PROBLEM TO SOLVE:
Using the entries that follow, count the lines containing the word "FIGURE" and give that number by itself.

------------------------

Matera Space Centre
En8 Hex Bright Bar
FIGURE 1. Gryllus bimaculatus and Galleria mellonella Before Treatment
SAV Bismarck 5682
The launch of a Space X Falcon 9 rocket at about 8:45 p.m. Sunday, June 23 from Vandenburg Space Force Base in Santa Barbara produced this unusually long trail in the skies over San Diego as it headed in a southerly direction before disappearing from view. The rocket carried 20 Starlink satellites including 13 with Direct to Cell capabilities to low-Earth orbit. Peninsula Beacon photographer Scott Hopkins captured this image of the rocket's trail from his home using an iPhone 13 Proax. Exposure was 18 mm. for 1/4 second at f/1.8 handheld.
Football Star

------------------------

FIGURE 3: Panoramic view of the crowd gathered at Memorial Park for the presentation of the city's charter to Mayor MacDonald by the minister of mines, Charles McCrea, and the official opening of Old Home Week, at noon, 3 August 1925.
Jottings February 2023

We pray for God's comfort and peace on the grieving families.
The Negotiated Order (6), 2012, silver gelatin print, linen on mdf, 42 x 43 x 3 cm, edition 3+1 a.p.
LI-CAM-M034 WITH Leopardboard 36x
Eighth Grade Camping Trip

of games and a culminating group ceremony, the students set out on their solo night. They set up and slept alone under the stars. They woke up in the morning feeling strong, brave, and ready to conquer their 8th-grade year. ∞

------------------------

OUTPUT OF THE EXERCISE:
2